Figure 3.3 Map of the Benguela Current region bordering Namibia and South Africa, showing the 500 m depth contour (dashed line) and the approximate locations of the Lüderitz upwelling cell (which separates the northern and southern Benguela Current subsystems) and the Agulhas Current.
Source: From Roux et al. (2013). Reproduced with permission from the Bulletin of Marine Science.

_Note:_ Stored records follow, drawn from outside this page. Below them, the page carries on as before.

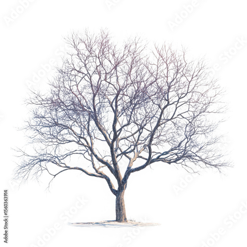 A bare deciduous tree with intricate branches stands isolated on transparent background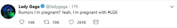 Певица Леди Гага прокомментировала слухи о своей беременности, которые стали с заметным упорством появляться в соцсетях и модных изданиях. Она ответила сплетникам, что если и беременна, то только своим новым альбомом. Соответствующий пост она написала в Twitter.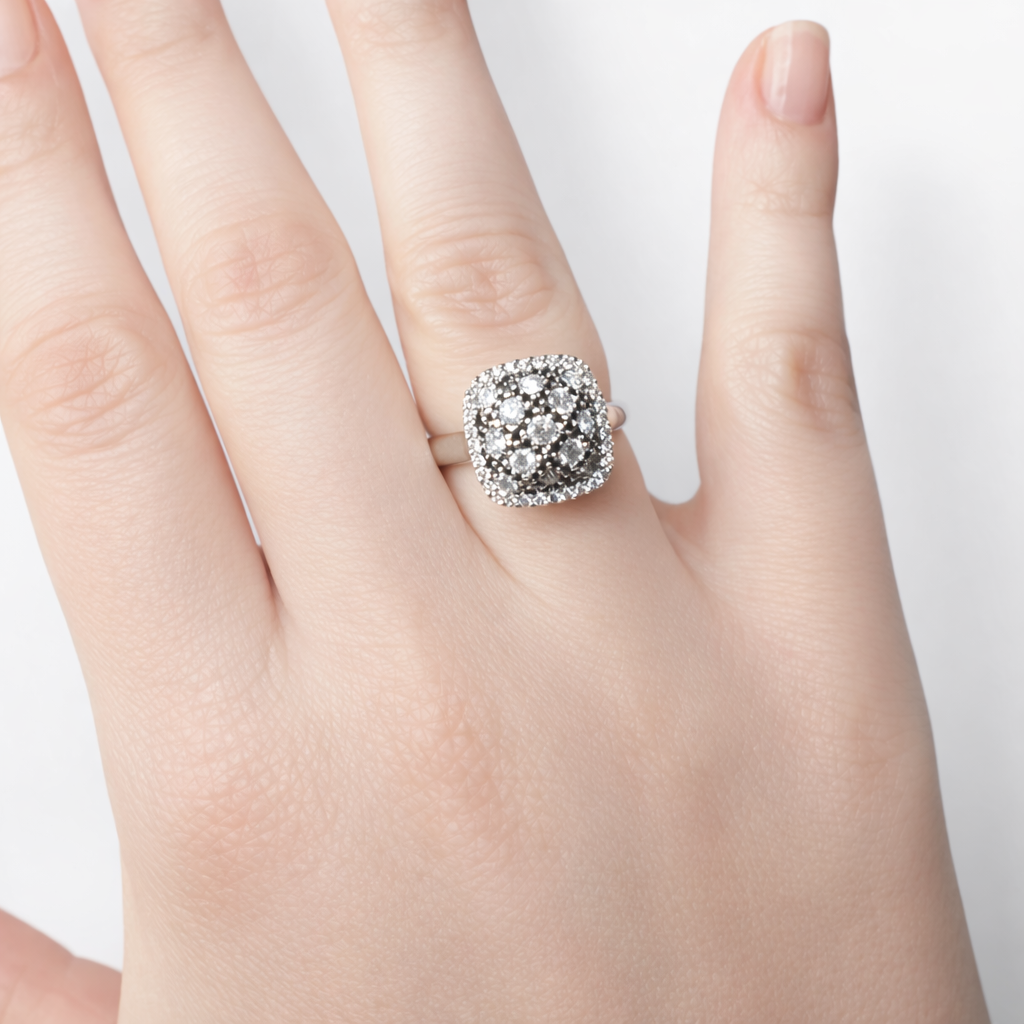A bold and dimensional design, this 18 karat white gold ring showcases a striking arrangement of black and colorless diamonds in a cushion-shaped cluster.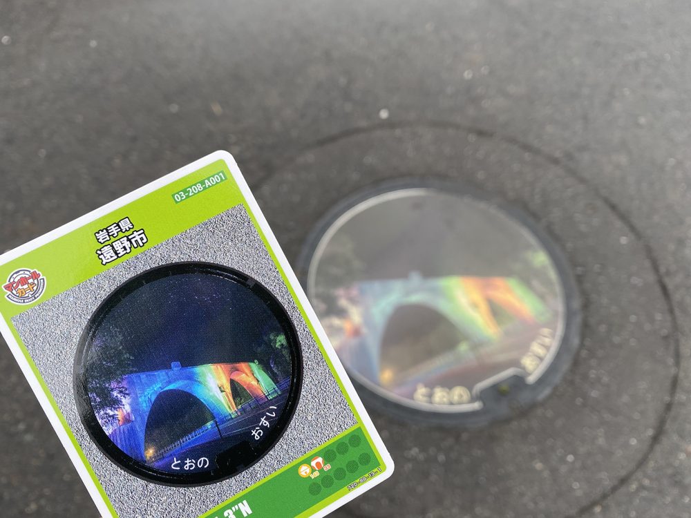 釜石線の「宮守川橋梁」に視線が奪われがちですが、その手前にある橋脚が岩手軽便鉄道のものです。しかし、現在の「宮守川橋梁」も美しいフォルムをしています。夜にはライトアップされ、その光景はまさに銀河鉄道です。近くの道の駅 みやもり「清流とわさびの里」でマンホールカードをいただきました。そして、そのマンホールは向かいのコンビニのそばにありました。美しいですね!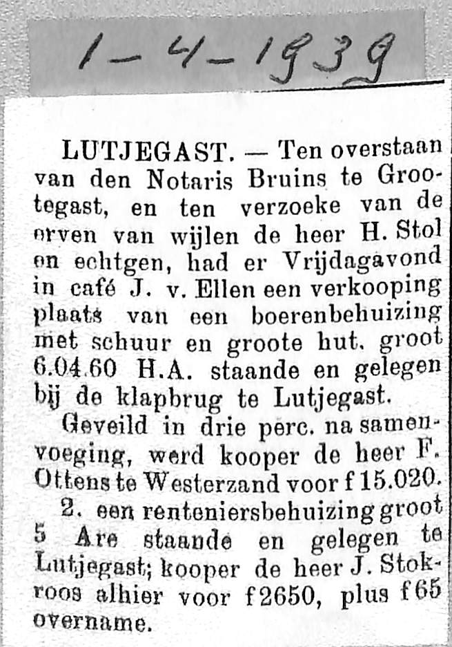 Namen: notaris Bruins, verkopers erven H.Stol, café J. van Ellen, koper F.Ottens, koper J. Stokroos

There is increasing modelling and experimental evidence that pronounced alterations to oceanographic features (dominant currents and upwelling systems) due to climatic change are rearranging species’ distributions globally (Lourenço et al. 2017). Researchers at the University of Miami found that the Indian Ocean’s warm Agulhas Current is getting wider rather than strengthening (Beal & Elipot 2016). Their findings, which have important implications for global climate change, suggest that intensifying winds in the region may be increasing the turbulence of the current, rather than increasing its flow rate. In the case of the Benguela Current, global climate change has led to a rise in the temperature of this cold current. Not only has there been a rise in water temperature, but the water has become increasingly saline (Global Climate 2019). An El Niño5 effect has already been detected. The outcome of these changes from the Benguela El Niño is expected to have a dramatic effect on marine life on the southwest coast of Africa. How exactly it will impact global distributions of marine mussels remains to be seen.